Unit 1 Cultural Differences文化差异In 1993, I had my first opportunity to visit Russia as a representative of the University of California. I was there to provide some technical assistance in the area of agricultural labor management. ―Russians are a very polite people,‖ I had been tutored before my arrival. One of my interpreters, once I was there, explained that a gentleman should pour the lemonade (a type of juice) for the ladies and show other courtesies to them.1993年,我作为加利福尼亚大学的代表,有了我的第一个访问俄罗斯的机会。

我在该地区的农业劳动管理区提供一些技术援助。

“俄罗斯人是很有教养的人,”我在来访之前就被这样教导过。

我一到那儿,我的一位翻译员就对我解释说,一作为一个绅士应该为女士们倒柠檬汁(一种果汁)并且向他们展示其它的礼貌礼仪。

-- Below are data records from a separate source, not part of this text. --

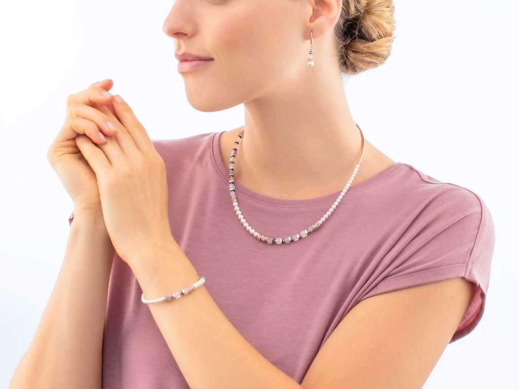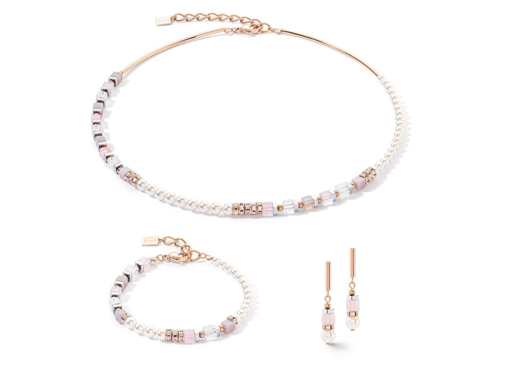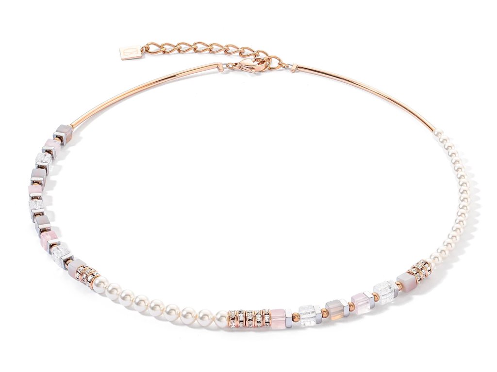 Asymetrický, hravý a neodolatelný – náhrdelník Precious Fusion Offset rose gold–ice pink je oslavou individuality a odvahy vystoupit z řady. Výrazný offset design kombinuje kostky z pravých kamenů – růženín, achát a křišťál – s třpytivými krystalovými perlami Swarovski® a jemnými lesklými akcenty.
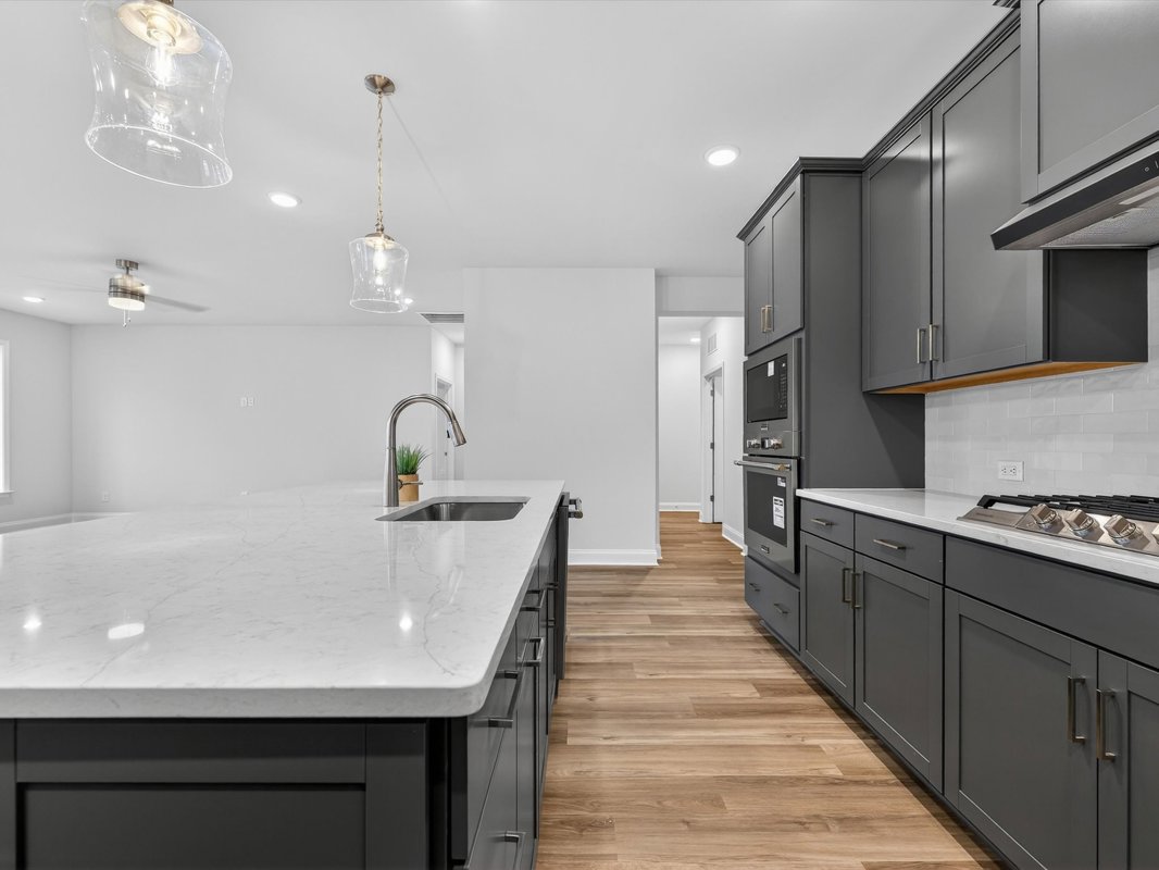 Step inside to a bright, open floor plan that seamlessly blends elegance and function. The heart of the home is the gourmet kitchen, featuring top-of-the-line Frigidaire appliances, including a sleek gas cooktop and built-in wall oven—perfect for everything from casual breakfasts to holiday dinners.
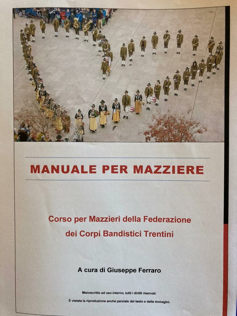 Pure la Federazione ne ha recepito l’importanza, ha iniziato così ad organizzare corsi per mazzieri chiedendomi di redarre un piccolo manuale adatto per la realtà bandistica trentina. L’ho fatto partendo dal nostro modo di marciare quindi facendo ovviamente riferimento allo stile tirolese della “Musik in Bewegung” della federazione austriaca, l’Österreichischer Blasmusikverband,
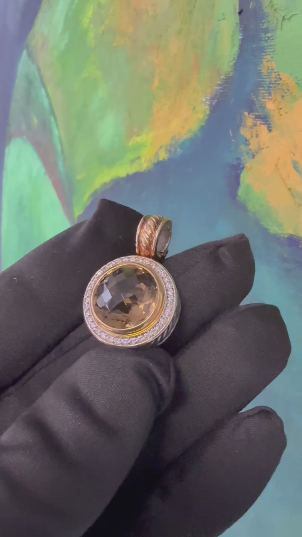 Modern Gold & Silver Natural Smoky Topaz & Diamond Pendant by David Yurman
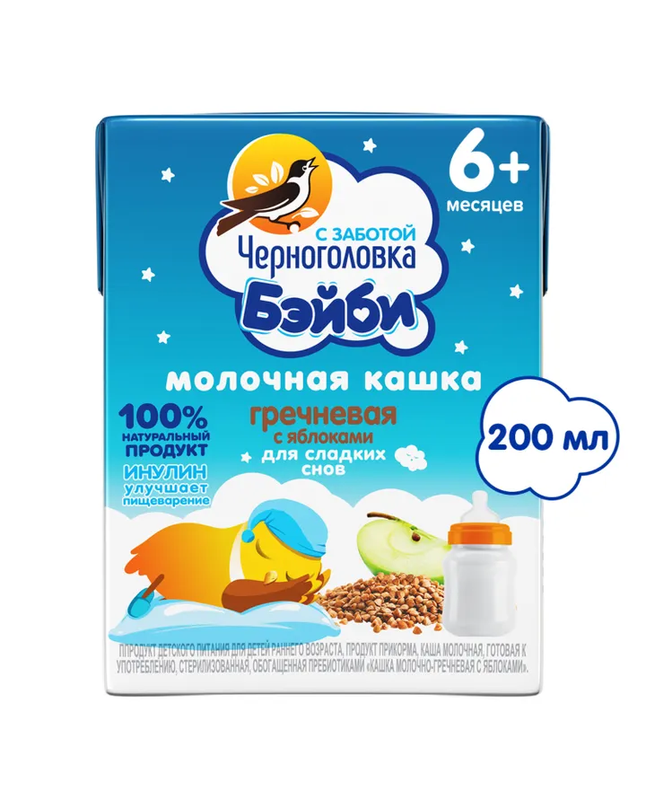 Кашка Черноголовка Бэйби молоко-гречка-яблоко 200г с 6месяцев
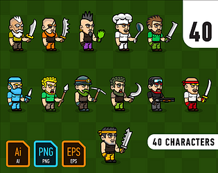 40 high-quality characters. This asset is perfect for a side scrolling game, or even a turn based RPG type game.
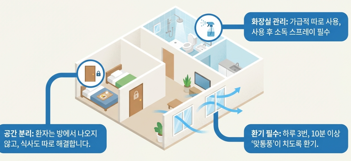 - 화장실 주의: 가능하다면 화장실을 따로 쓰고, 공용이라면 환자가 쓴 뒤 소독 스프레이를 뿌려주세요.
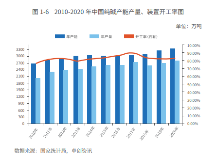 我国纯碱产能与产量

Toward the end of my three-week trip I was invited by my young Russian host and friend Dmitri Ivanovich and his lovely wife Yielena out to dinner. At the end of a wonderful meal Yielena asked if I would like a banana. I politely declined and thanked her, and explained I was most satisfied with the meal. But the whole while my mind was racing: “What do I do? Do I offer her a banana even though they are as close to her as they are to me? What is the polite thing to do?”就在我这三周的旅行快要结束的时候,我被我的朋友,一位年轻的俄罗斯东道主,季米特里·伊万诺维奇和他美丽的妻子Yielena邀请去吃晚饭。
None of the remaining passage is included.